____ DATASET RECORDS

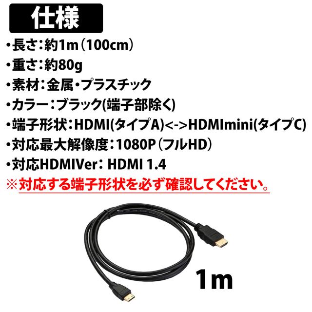 50%offクーポン有 HDMI mini ケーブル から HDMIケーブル 1m HDMIオス miniHDMIオス ケーブル パソコン PC モニター タブレット タイプA HDMIミニ MINI HDMI PC ビデオカメラ テレビ ver1.4 規格 タイプC 1080P TV ビデオ 映像 在宅 勤務 テレワーク
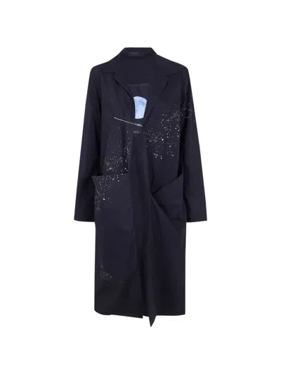 Front-pocket Printed-detail Coat In Black
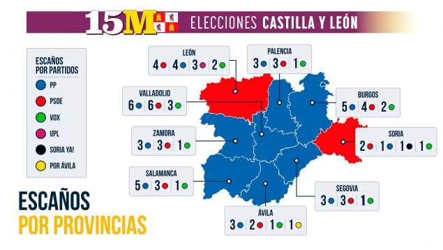 El Partido Popular de Alfonso Fernández Mañueco se había propuesto igualar los números de Juan José Lucas y Juan Vicente Herrera, los dos únicos candidatos que lograron ganar en las nueve provincias en unas elecciones autonómicas en Castilla y León. La candidatura popular en estas elecciones del 15M ha estado muy cerca de lograrlo. Sólo ha quedado como segunda fuerza en León y en Soria, donde el PSOE ha sido el partido más votado. En las últimas generales, las celebradas en julio de 2023, la formación de Alberto Núñez Feijóo logró pintar de azul toda esta región.
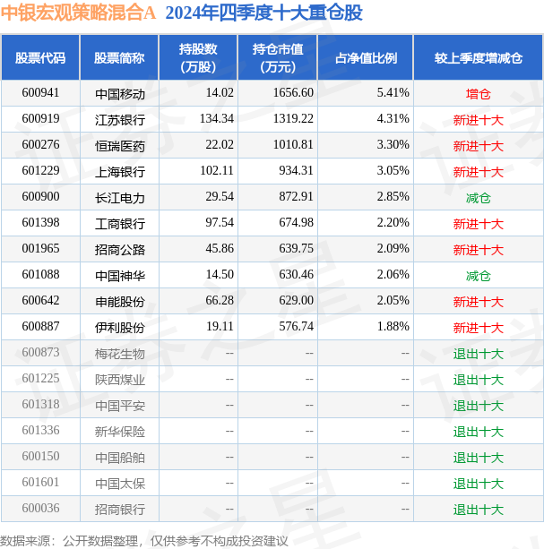 中银宏观策略混合A为混合型-灵活基金,根据最新一期基金季报显示,该基金资产配置:股票占净值比70.15%,债券占净值比5.38%,现金占净值比28.31%。基金十大重仓股如下:
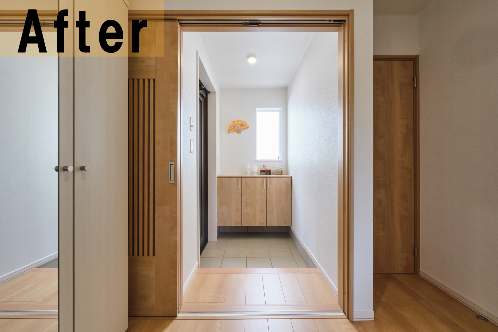 施主様のご希望にそって、できるだけ元の間取りを活かす形で、断熱・回遊動線・居間の段差解消・玄関やトイレの配置・デザインなど、細部を整えながら快適性を高めました。
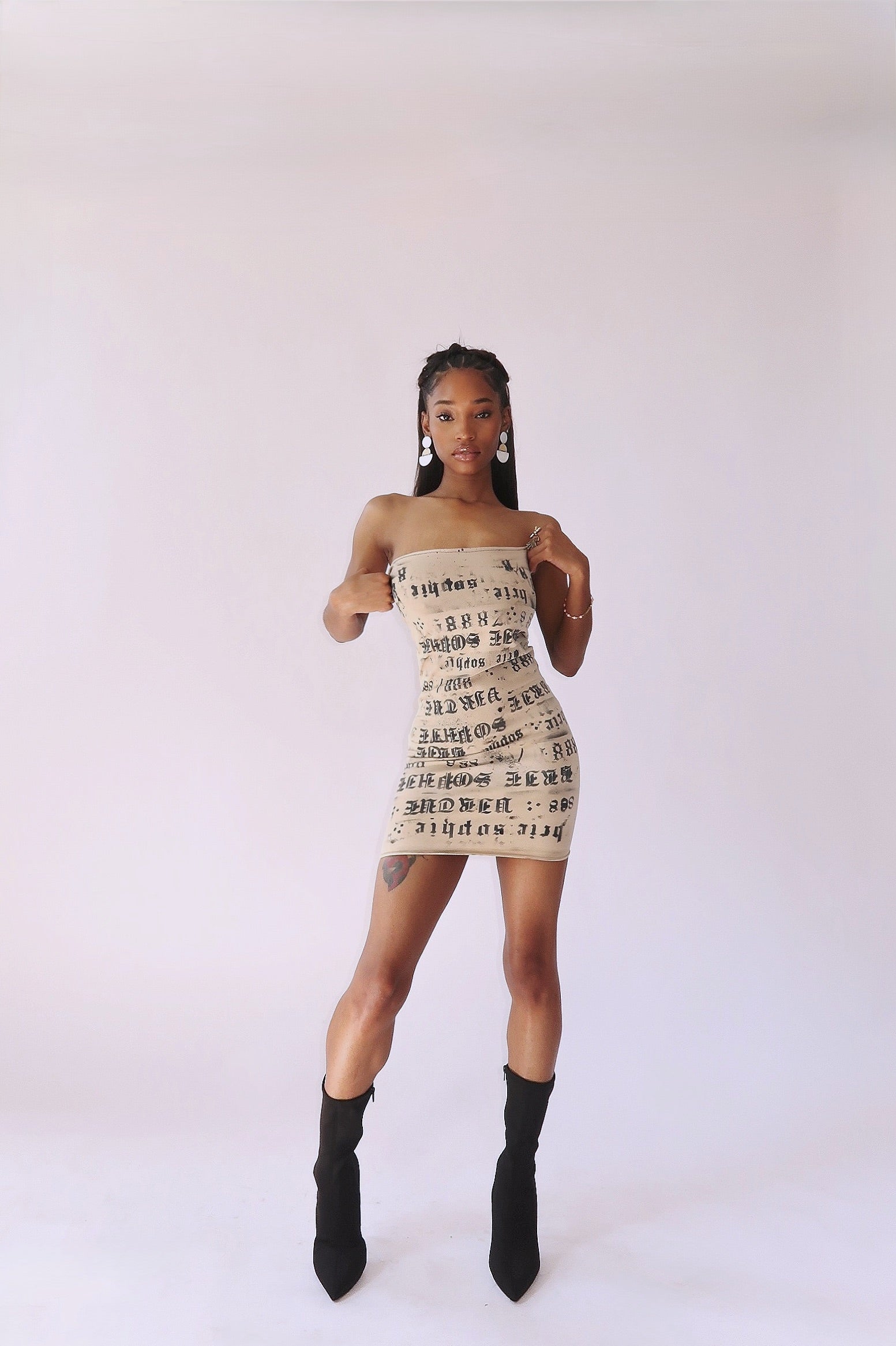 Beige tube dress with BlackΒ 'Brie Sophie' and 888 lettering.Β

________

• _INSTRUCTIONS FOR THE TASK_
Write out the data exactly, and exclude every picture it holds.

• _ANSWER BELOW_
 50%offクーポン有 HDMI mini ケーブル から HDMIケーブル 1m HDMIオス miniHDMIオス ケーブル パソコン PC モニター タブレット タイプA HDMIミニ MINI HDMI PC ビデオカメラ テレビ ver1.4 規格 タイプC 1080P TV ビデオ 映像 在宅 勤務 テレワーク
 Front-pocket Printed-detail Coat In Black
 El Partido Popular de Alfonso Fernández Mañueco se había propuesto igualar los números de Juan José Lucas y Juan Vicente Herrera, los dos únicos candidatos que lograron ganar en las nueve provincias en unas elecciones autonómicas en Castilla y León. La candidatura popular en estas elecciones del 15M ha estado muy cerca de lograrlo. Sólo ha quedado como segunda fuerza en León y en Soria, donde el PSOE ha sido el partido más votado. En las últimas generales, las celebradas en julio de 2023, la formación de Alberto Núñez Feijóo logró pintar de azul toda esta región.
 中银宏观策略混合A为混合型-灵活基金,根据最新一期基金季报显示,该基金资产配置:股票占净值比70.15%,债券占净值比5.38%,现金占净值比28.31%。基金十大重仓股如下:
 施主様のご希望にそって、できるだけ元の間取りを活かす形で、断熱・回遊動線・居間の段差解消・玄関やトイレの配置・デザインなど、細部を整えながら快適性を高めました。
 Beige tube dress with BlackΒ 'Brie Sophie' and 888 lettering.Β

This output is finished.